PROBLEM TO WORK ON >> State how many lines in the listing below hold the string "from"; nothing else is wanted.

WORKING DATA >>
[Start of section]
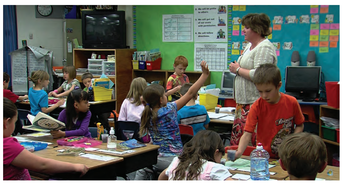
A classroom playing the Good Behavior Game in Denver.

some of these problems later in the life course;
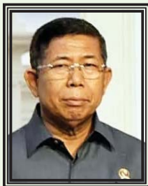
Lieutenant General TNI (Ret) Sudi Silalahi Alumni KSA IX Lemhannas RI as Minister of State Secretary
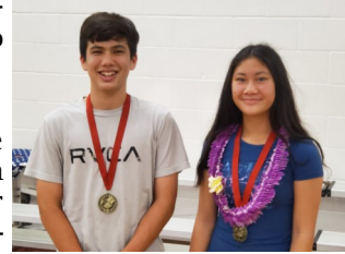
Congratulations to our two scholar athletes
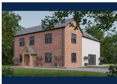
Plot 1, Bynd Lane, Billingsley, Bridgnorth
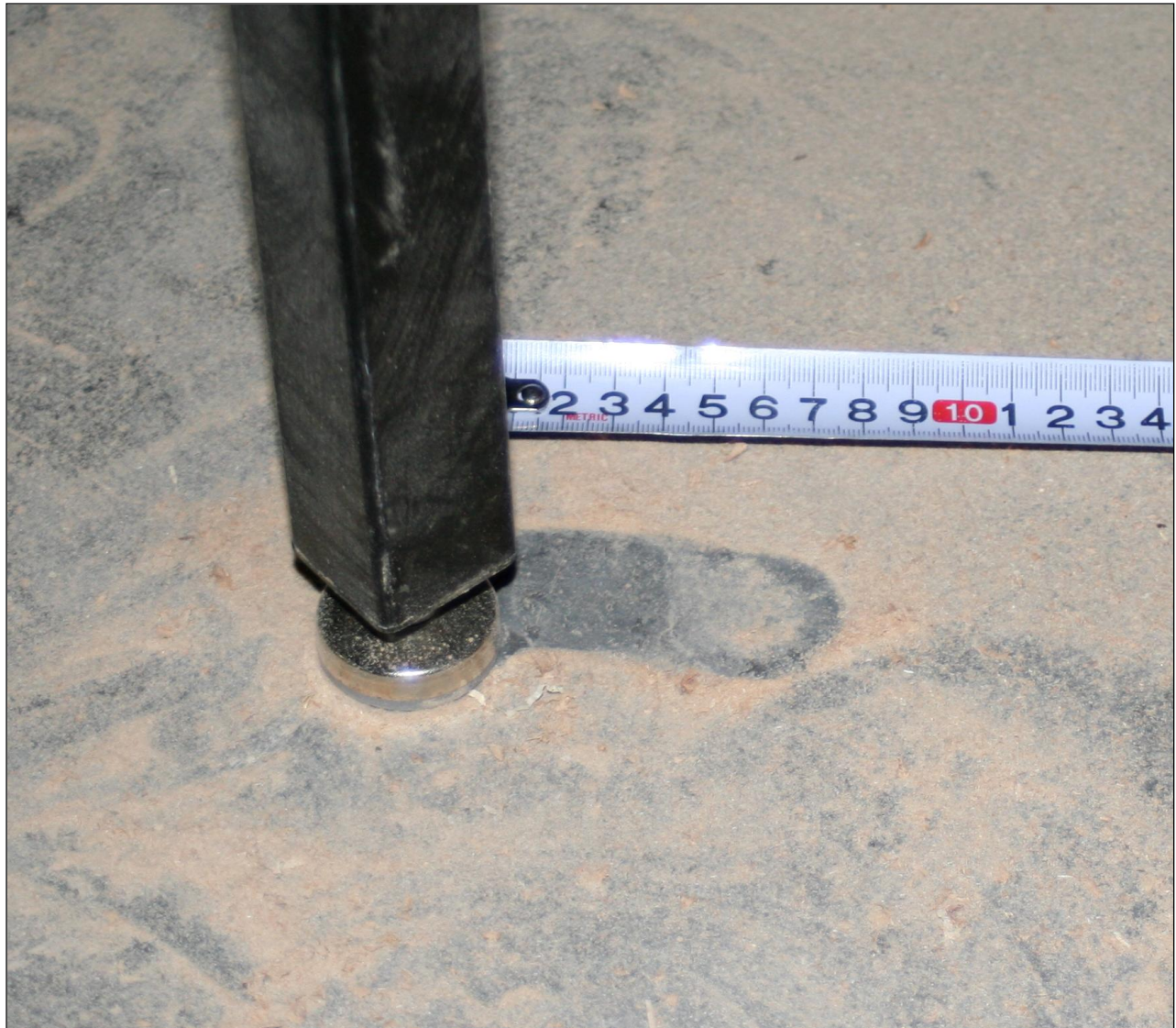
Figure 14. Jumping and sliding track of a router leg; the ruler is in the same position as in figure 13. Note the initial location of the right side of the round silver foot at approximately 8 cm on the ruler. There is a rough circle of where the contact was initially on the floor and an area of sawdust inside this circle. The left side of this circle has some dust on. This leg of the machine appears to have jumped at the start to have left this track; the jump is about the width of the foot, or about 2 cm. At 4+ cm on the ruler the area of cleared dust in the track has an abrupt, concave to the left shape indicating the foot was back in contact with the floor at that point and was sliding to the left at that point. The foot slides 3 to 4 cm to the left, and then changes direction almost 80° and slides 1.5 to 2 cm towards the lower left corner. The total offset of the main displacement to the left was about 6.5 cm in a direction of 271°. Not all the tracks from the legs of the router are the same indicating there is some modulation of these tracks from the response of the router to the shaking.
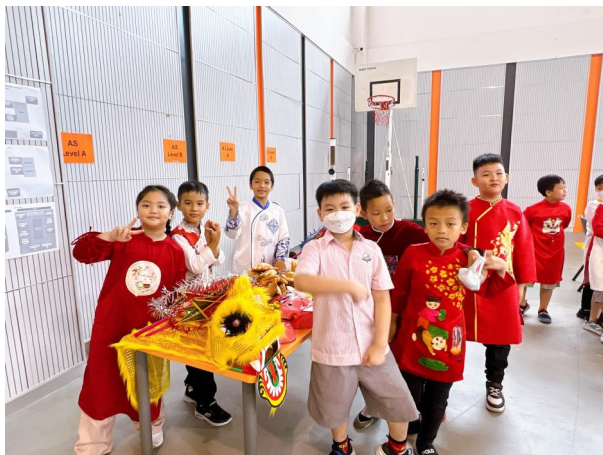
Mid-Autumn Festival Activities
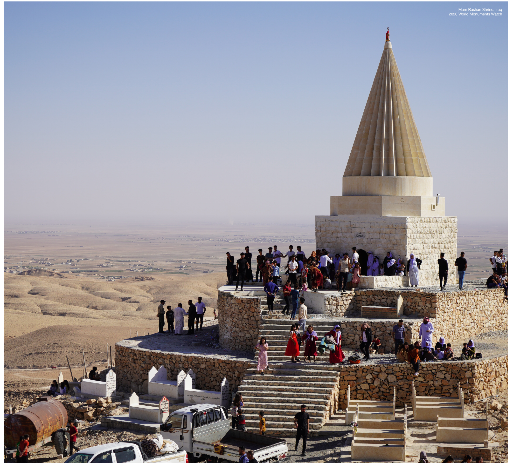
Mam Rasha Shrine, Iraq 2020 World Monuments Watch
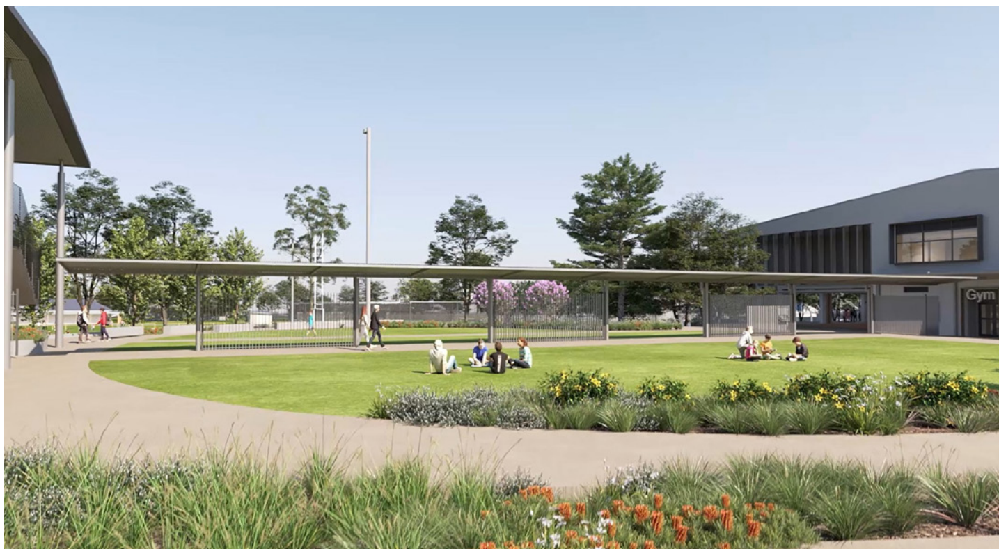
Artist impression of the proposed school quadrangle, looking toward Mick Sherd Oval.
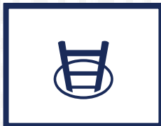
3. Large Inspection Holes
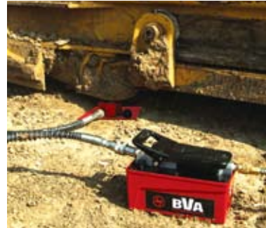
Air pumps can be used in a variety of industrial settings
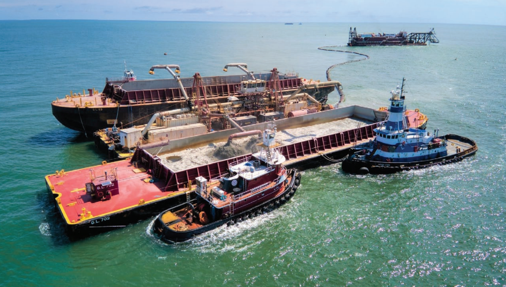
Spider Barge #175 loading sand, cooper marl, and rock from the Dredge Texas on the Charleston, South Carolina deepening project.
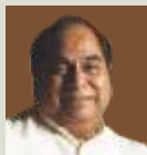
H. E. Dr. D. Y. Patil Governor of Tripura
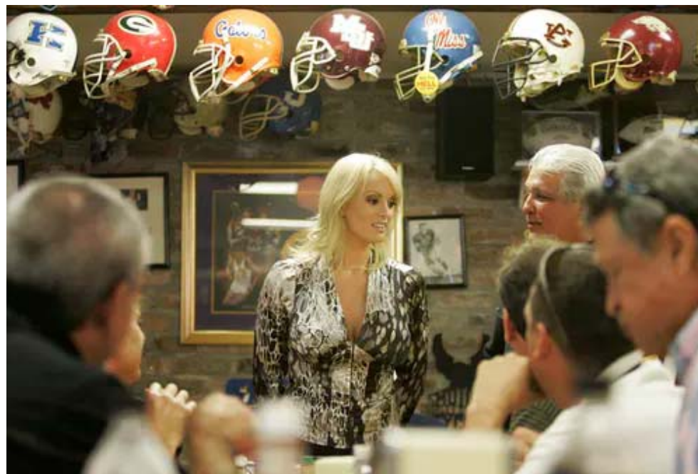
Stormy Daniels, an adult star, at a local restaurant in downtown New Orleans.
[End of section]
ANSWER FOR THIS EXERCISE >> 2